Today's Open Source (2024-07-15): AuraFlow, 6.8B Stream-based Open-Source Text-to-Image Model
Open-source AI models disrupting vision, language, and search: AuraFlow text-to-image generation, MambaVision hybrid vision backbone, PDF-Extract-Kit toolkit, STORM knowledge curation, BM25S fast lexi
Here are some interesting AI open-source models and frameworks I discovered today.
Project: AuraFlow
AuraFlow v0.1 is a fully open-source stream-based text-to-image generation model developed by the Fal team. It excels in prompt adherence.
AuraFlow improves MMDIT by replacing most MMDIT layers with a single large DiT block, enhancing computational efficiency. The optimal model structure with a width-to-length ratio of 20-100 was found, resulting in a model with 6.8B parameters.
This model achieved state-of-the-art results on GenEval and is in the testing phase. It is currently supported by ComfyUI and Diffusers.
https://huggingface.co/fal/AuraFlow
Project: MambaVision
MambaVision is a hybrid Mamba-Transformer vision backbone network implemented in PyTorch.
It enhances global context modeling with hybrid blocks in a symmetrical path, achieving new SOTA Pareto frontier performance in Top-1 accuracy and throughput.
MambaVision features a hierarchical architecture combining self-attention and hybrid blocks, supports any image resolution, and offers various pre-trained models.
https://arxiv.org/abs/2407.08083
https://github.com/nvlabs/mambavision
Project: PDF-Extract-Kit
PDF-Extract-Kit is a high-quality toolkit for extracting content from PDFs.
It breaks down PDF content extraction into multiple components, including layout detection, formula detection, formula recognition, and optical character recognition.
Using LayoutLMv3 for area detection, YOLOv8 for formula detection, UniMERNet for formula recognition, and PaddleOCR for text recognition, PDF-Extract-Kit achieves precise detection in various document types.
https://github.com/opendatalab/PDF-Extract-Kit
Project: STORM
STORM, developed by Stanford University, is an LLM-driven knowledge integration system for writing Wikipedia-like articles from scratch.
It can research specific topics and generate complete reports with citations. STORM's core functions are divided into two stages: prewriting and writing.
In the prewriting stage, the system gathers references and creates an outline through internet research.

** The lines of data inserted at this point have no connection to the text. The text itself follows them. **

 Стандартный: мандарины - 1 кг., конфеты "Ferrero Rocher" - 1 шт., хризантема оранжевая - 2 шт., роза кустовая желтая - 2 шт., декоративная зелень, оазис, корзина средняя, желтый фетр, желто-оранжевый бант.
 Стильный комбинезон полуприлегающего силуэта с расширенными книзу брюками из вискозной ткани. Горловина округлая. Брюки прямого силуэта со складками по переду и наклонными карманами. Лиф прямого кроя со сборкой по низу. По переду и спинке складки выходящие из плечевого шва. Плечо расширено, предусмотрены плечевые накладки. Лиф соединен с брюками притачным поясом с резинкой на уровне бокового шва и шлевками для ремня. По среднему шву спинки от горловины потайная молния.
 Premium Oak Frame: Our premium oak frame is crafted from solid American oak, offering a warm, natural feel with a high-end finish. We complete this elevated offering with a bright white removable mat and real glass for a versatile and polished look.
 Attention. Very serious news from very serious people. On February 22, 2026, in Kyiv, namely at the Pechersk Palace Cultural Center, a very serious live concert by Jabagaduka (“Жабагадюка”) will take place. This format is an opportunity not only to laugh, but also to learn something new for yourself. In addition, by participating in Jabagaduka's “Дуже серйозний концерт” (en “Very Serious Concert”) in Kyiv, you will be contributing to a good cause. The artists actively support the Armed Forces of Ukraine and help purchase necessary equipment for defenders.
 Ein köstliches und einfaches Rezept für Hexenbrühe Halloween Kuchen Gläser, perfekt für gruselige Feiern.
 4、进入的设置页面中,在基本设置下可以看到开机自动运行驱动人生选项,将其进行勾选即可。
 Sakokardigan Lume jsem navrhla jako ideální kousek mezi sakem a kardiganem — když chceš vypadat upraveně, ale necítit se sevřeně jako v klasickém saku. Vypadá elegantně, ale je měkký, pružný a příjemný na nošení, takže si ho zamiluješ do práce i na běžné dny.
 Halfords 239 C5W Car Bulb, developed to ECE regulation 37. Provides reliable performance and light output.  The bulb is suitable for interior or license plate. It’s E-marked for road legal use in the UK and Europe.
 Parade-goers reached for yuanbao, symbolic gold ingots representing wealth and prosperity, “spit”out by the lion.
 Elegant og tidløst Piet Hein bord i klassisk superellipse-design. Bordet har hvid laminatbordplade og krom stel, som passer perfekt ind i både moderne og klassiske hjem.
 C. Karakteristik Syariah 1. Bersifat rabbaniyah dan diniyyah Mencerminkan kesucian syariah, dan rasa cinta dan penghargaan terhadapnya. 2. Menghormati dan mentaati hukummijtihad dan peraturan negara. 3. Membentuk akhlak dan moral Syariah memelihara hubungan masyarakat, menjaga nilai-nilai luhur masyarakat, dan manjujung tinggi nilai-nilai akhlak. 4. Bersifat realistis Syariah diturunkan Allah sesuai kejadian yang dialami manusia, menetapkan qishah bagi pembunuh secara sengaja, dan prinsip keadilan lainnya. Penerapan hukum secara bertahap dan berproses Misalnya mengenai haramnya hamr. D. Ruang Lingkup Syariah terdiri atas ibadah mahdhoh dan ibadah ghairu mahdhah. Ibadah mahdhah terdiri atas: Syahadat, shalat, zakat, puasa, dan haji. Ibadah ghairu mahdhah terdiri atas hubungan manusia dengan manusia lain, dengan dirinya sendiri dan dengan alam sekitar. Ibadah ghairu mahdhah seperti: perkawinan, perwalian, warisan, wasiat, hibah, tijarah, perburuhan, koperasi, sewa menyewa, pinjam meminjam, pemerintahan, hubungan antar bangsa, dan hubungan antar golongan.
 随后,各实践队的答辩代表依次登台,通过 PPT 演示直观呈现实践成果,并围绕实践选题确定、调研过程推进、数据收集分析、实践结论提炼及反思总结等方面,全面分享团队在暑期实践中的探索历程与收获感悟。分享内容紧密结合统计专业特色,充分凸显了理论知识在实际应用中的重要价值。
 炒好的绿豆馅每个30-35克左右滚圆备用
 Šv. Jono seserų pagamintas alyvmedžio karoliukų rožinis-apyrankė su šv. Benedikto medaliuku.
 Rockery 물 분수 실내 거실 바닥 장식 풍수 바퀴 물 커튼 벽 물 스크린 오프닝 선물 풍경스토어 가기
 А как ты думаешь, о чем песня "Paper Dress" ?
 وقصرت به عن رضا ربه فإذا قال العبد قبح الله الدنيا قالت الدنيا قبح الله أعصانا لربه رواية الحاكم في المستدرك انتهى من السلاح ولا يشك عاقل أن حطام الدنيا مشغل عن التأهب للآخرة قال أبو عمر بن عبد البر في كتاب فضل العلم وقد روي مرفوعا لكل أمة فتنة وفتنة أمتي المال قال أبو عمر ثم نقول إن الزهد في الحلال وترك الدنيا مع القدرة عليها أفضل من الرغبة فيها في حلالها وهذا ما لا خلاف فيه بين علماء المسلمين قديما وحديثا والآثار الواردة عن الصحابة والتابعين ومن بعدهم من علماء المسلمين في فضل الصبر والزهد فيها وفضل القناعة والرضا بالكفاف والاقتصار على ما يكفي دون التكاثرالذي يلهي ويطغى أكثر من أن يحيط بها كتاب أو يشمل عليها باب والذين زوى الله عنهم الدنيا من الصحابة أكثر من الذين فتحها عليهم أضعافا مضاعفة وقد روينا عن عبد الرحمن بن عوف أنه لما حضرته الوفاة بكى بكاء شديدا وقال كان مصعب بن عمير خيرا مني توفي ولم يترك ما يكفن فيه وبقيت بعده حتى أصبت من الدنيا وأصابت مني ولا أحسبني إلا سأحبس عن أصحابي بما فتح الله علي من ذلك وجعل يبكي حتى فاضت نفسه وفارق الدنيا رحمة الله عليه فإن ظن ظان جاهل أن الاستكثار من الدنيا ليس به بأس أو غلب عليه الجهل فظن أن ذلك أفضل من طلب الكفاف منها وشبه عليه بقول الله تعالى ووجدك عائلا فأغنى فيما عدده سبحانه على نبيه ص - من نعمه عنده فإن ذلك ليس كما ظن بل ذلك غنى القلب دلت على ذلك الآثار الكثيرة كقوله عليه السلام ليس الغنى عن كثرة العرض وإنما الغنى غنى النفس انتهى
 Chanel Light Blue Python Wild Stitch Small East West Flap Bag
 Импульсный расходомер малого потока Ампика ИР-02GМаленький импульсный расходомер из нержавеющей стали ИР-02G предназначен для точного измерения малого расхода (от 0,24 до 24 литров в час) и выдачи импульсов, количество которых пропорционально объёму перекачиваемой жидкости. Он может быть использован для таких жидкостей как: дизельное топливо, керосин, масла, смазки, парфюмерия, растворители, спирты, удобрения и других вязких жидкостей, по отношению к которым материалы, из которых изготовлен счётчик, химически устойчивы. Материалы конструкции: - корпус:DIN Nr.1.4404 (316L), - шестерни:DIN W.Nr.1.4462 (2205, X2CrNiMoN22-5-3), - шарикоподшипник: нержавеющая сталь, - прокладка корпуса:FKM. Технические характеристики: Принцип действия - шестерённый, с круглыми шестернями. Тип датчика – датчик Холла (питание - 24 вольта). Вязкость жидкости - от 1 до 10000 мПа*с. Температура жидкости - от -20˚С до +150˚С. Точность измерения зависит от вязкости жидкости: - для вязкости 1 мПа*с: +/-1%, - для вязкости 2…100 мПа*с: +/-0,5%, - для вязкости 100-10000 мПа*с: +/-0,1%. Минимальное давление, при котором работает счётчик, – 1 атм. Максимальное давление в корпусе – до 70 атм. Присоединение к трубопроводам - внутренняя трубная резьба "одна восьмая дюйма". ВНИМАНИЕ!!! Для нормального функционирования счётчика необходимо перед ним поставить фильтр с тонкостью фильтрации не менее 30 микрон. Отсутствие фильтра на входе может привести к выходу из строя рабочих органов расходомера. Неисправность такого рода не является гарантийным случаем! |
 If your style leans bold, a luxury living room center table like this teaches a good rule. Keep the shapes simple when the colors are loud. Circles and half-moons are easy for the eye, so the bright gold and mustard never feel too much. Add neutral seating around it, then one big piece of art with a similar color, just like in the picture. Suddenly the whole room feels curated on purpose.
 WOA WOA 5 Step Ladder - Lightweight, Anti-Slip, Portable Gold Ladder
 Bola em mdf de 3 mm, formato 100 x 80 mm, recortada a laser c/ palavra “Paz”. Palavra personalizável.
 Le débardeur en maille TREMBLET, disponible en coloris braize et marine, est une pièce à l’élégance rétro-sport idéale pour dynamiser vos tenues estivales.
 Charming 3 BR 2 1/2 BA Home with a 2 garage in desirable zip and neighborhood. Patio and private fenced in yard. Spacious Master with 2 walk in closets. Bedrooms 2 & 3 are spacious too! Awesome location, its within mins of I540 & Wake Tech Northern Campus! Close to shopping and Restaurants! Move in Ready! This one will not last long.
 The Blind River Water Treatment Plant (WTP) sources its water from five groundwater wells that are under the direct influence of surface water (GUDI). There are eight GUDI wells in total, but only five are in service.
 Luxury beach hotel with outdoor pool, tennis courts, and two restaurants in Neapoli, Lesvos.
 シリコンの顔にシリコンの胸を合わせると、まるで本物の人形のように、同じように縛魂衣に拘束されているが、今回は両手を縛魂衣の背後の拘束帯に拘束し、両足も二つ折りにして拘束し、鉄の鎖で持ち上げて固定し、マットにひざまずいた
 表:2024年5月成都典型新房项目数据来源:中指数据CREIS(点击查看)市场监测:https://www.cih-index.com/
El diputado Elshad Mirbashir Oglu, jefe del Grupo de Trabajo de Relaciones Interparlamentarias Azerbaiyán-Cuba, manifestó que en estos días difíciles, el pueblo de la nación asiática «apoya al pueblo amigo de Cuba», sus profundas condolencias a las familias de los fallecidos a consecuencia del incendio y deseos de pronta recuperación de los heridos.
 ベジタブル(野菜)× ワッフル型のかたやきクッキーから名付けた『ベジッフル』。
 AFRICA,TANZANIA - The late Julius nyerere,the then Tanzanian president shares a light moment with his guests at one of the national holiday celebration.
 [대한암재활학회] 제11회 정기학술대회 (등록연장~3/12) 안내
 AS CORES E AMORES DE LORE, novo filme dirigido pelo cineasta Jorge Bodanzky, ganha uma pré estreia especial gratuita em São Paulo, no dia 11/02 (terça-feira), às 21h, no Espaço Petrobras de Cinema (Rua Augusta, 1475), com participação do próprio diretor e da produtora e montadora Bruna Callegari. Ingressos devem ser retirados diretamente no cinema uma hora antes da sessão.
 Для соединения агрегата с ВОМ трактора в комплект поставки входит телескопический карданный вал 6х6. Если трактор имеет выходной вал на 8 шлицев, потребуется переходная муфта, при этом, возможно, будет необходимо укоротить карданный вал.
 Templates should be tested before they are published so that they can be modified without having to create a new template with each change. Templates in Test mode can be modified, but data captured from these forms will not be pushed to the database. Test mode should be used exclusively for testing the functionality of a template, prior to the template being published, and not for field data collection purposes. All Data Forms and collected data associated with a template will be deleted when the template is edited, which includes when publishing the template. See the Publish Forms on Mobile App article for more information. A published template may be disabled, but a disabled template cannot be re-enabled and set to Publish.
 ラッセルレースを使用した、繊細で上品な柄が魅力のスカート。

In the writing stage, it uses the outline and references to generate the full article with citations.
STORM can handle single topics or batch datasets and offers automated evaluation for both outline and article quality.
https://arxiv.org/abs/2402.14207
https://github.com/stanford-oval/storm
Project: BM25S
BM25S is a super-fast BM25 library implemented in pure Python, utilizing Scipy sparse matrices for storing precomputed document scores.
It aims to improve query scoring speed, offering performance improvements in single-threaded environments compared to popular libraries like Elasticsearch.
BM25 is a widely used text retrieval ranking function and a core component of search services.
https://arxiv.org/abs/2407.03618
https://github.com/xhluca/bm25s
Project: Phi3V-Finetuning
Phi3V-Finetuning is a parameter-efficient finetuning script for Microsoft's powerful multimodal language model Phi-3-vision.
This project supports training on mixed NLP and vision-language data, offering various configurations and options for flexible finetuning.